There is no disputing the improved chemistry.

On the Dodgers, Gary Sheffield is gone, replaced by a genuine leader in Brian Jordan. Karros credits Chairman Bob Daly and General Manager Dan Evans for the character adjustment, saying of Jordan's role, in particular: "He came as advertised. He could be hitting zero and it wouldn't change that opinion."

Nor, Karros said, are any of the Dodgers star struck, or stuck on stardom. He put it this way: "Shawn Green is our one real star, and he acts as if he's carrying a backpack around a college campus."

Strike Date

Union officials will meet with player representatives from the 30 teams in Chicago on July 8 to discuss a possible strike date, but the spreading opinion among players seems to be that if a date is set at all, it will be set for late September rather than in August, as often speculated because of the August walkout in 1994.

The union believes a strike date beneficial in creating pressure to reach a decision at the bargaining table and providing a weapon if convinced the owners plan to declare an impasse and unilaterally implement new work rules.

However, a September date provides more time for bargaining, allows the players to receive almost their entire salaries for the year and, although permitting the owners to receive almost a full season of attendance, hits them hardest financially because--in the event of a walkout at that point--it would require them to return postseason TV revenue.

Although it is hard to measure numbers, sources say that a reasonably large number of players lean toward setting no strike date, putting the onus on the owners to reach a settlement or face a public relations backlash.

The Appraisal

The baseball jury is still out on Donald Watkins' finances, but he could be doing Disney a favor if he is successful in getting Disney to lower its sale price on the Angels from $250 million to $200 million. At the latter figure, several other prospective buyers might jump in, including, it is believed, Peter Ueberroth.

Oh, Odalis

Raving about Dodger pitching as he left Dodger Stadium Thursday night after his Colorado Rockies had lost three of four games, Manager Clint Hurdle provided the Angels with something of a dire scouting report for their confrontation with Odalis Perez tonight.

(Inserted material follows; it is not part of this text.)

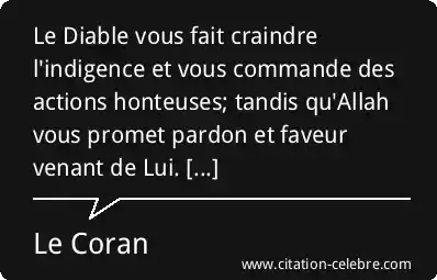 Le Diable vous fait craindre l'indigence et vous commande des actions honteuses; tandis qu'Allah vous promet pardon et faveur venant de Lui. [...]

"It's kind of a slow death," Hurdle said, his Rockies having been victimized by Perez's second one-hitter of the year. "It's not like he blows you down like Randy Johnson. He comes at you quietly, and before you know it you have no pulse."

The Real Raul

Borrowing the script from his expletive-laced tirade at Davey Johnson and Kevin Malone, when they were all with the Dodgers four years ago, Toronto's Raul Mondesi blasted his manager, Carlos Tosca, and elevated his position on the trading block after he was benched Tuesday and Wednesday for reporting 10 minutes late to a team meeting.

Tosca, who may only be keeping the managerial seat warm for Oakland A's bench coach Ken Macha, insists that the Blue Jays play by his rules or they don't play.

That was too much for Mondesi, who said, "I play too hard in this game every ... day to have this ... happen to me. Now he try to be like too big. He only have two weeks in the big leagues. He never play professional. Why does he have to be like that with an everyday player for no reason. The same ... happened in L.A."

Mondesi began the weekend hitting .221. Pretty ... bad.

Lineup Change?

Interleague play ends today, with attendance up about 16% over the intraleague average, but San Diego Padre General Manager Kevin Towers has a reasonable suggestion that would enable fans to get an even better feel for how the game in the other league is played.

Towers favors a rules change that would reverse the current setup and have the designated hitter employed in interleague games in National League parks but no DH in American League parks.

"That way the fans of each league could really taste a game they're not used to seeing," reasoned Towers.